- **Prompt**: Verbatim output of the lines below is required, with the images omitted.

╭─ Provided material

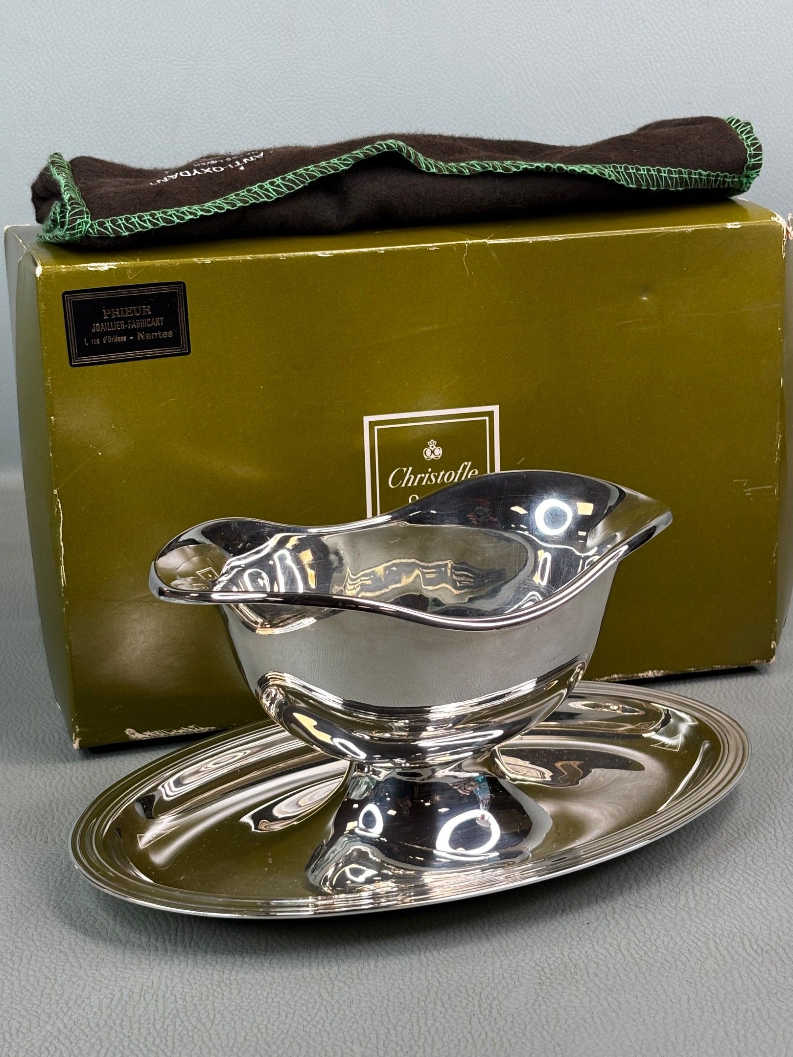 Sauce boat and its silver-plated metal stand; in its box
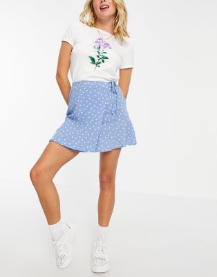 Pull&Bear wrap mini skirt with frill detail in blue polka dot
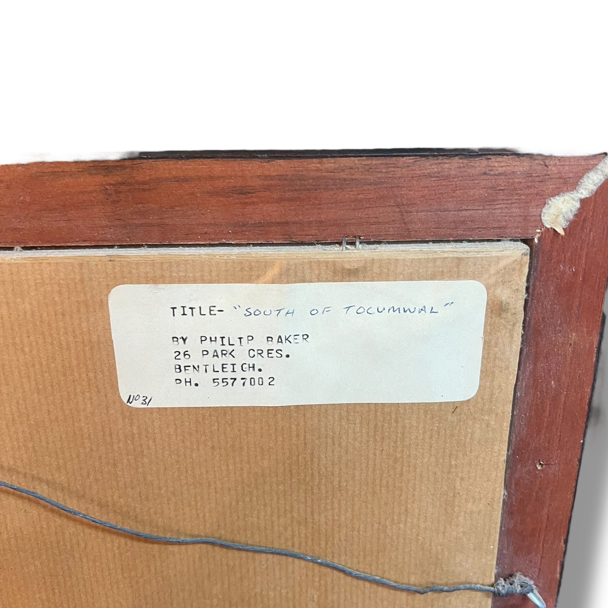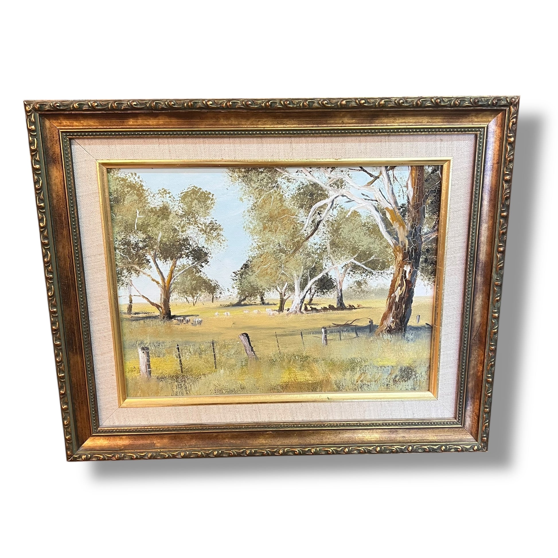 A beautiful original oil painting by Victorian artist Philip Baker, titled “South of Tocumwal”. This soft, light-filled pastoral scene features sheep grazing beneath tall gum trees, with warm tones and gentle brushwork capturing the serenity of rural New South Wales.

╰─

- **Solution to this task**:
 Sauce boat and its silver-plated metal stand; in its box
 Pull&Bear wrap mini skirt with frill detail in blue polka dot
 A beautiful original oil painting by Victorian artist Philip Baker, titled “South of Tocumwal”. This soft, light-filled pastoral scene features sheep grazing beneath tall gum trees, with warm tones and gentle brushwork capturing the serenity of rural New South Wales.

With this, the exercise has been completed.